Recent studies suggest that immature, core-glycosylated
DeltaF508-CFTR [the predominant mutant form of the CFTR (
cystic fibrosis transmembrane conductance regulator)] can reach the plasma membrane under some conditions. In the present study we investigated this possibility since it has implications for understanding how
therapeutics rescue the trafficking of mutant CFTR and perhaps other misfolded
proteins. Core-glycosylated CFTR was labelled and pulled down on
streptavidin beads after exposure to
sulfo-NHS-SS-
biotin [
biotin attached to a reactive NHS (
N-hydroxysuccinimide)
ester with a
disulfide spacer; molecular mass=606.7 Da]; however, intracellular
proteins were also detected in the precipitates. When the R domain of CFTR was expressed in the cytosol of BHK (baby-hamster kidney) cells as a soluble
polypeptide it was also labelled after surface biotinylation and pulled down on
streptavidin beads. Intracellular biotinylation was reduced when cells were treated with
sulfo-NHS-LC-biotin (
biotin attached to a reactive NHS
ester with an
aminocaproic acid spacer) or sulfo-NHS-PEO(12)-biotin [
biotin attached to a reactive NHS
ester with a poly(
ethylene glycol) spacer], but the reduction could be explained by the lower reactivity of these
reagents.
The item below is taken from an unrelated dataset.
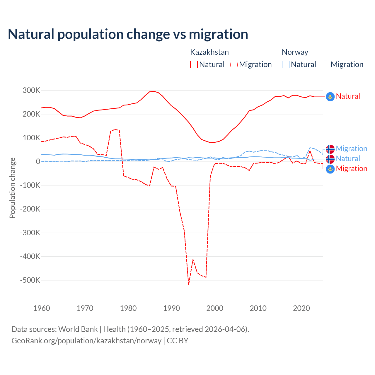 Over the last 10 years, 98.7% of the population change in Kazakhstan is from natural causes (a gain of 2,743,094 people) and 1.33% is from migration (a gain of 36,908 people). In Norway 31.3% is from natural causes (a gain of 138,699 people) and 68.7% is from migration (a gain of 303,945 people).

The R domain was detected on Western blots after loading <0.25% of the pulldown sample ( approximately 0.01% of total lysate
protein), a fraction that could be ascribed to cells that were permeable to
ethidium homodimer-1 (molecular mass=856.8 Da) and
propidium iodide (molecular mass=668.6 Da). When BHK cells were incubated at 29 degrees C to rescue
DeltaF508-CFTR trafficking, and then biotinylated and sorted to remove permeable cells, labelling of core-glycosylated
DeltaF508-CFTR was no longer detected although a weak signal was still observed using CFBE (
cystic fibrosis bronchial epithelial) cells. These results suggest that there is weak surface expression of immature
DeltaF508-CFTR on airway epithelial cells and demonstrate the need to remove permeable cells when studying CFTR glycoforms by surface biotinylation.